The structural family (NFXP, CCP, MPEC, NNES, SEES, TD-CCP, UFXP) recovers the cost parameters on the same scale as the truth, so Param RMSE applies to it alone. The IRL family is scored on behavior and regret. Its reward parameters are in a different parameterization, because reward is only partially identified from behavior. Estimators that recover a transferable reward adapt under the interventions. Policy-only methods keep their old policy, which is why their Type C regret is large.

## Notes per estimator

**UFXP.** Unnested fixed point (Bray; Oguz and Bray 2026) with the paper's optimal weighting. The value function is eliminated before any parameter search, so the linear case is closed form and as efficient as maximum likelihood.

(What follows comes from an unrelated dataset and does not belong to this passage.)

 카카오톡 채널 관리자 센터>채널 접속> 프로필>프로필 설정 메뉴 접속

**MCE-IRL.** Its converged flag reports whether the gradient norm crossed the tolerance. The objective often plateaus first, so the flag can read False while the policy is essentially exact.

**MaxEnt-IRL.** It trails MCE-IRL because trajectory-entropy matching is not the causal choice model that generated the data.

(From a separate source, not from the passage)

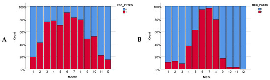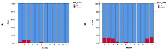 The presence of SPX-1 per month (A) in Alfacs Bay and (B) in Fangar Bay.

**IQ-Learn.** Uses the linear feature structure. A tabular Q-table would not propagate to unvisited states.

## Reproduce

```bash
python scripts/sim_rust_bus.py                 # run + write JSON
python scripts/sim_rust_bus.py --page          # regenerate this page
python scripts/sim_rust_bus.py --verify        # re-derive the table from JSON
```

Raw facts: `validation/results/sim_rust_bus.json`.

Not shown on this page: AIRL-Het / AAIRL (designed for latent-type heterogeneity; this panel has one agent type); MMP, GAIL (too slow for this page's per-fit budget); GCL, DeepMaxEnt-IRL, Bayesian-IRL (research code, not benchmarked); MaxMargin-IRL (its unit-norm reward direction has no link to the choice model's noise scale, so it is not a like-for-like baseline on this problem; it ran 3/3 and its raw records remain in the results file); f-IRL, BC (they recover a tabular reward and a choice-probability table, objects in a different parameterization; their raw records remain in the results file).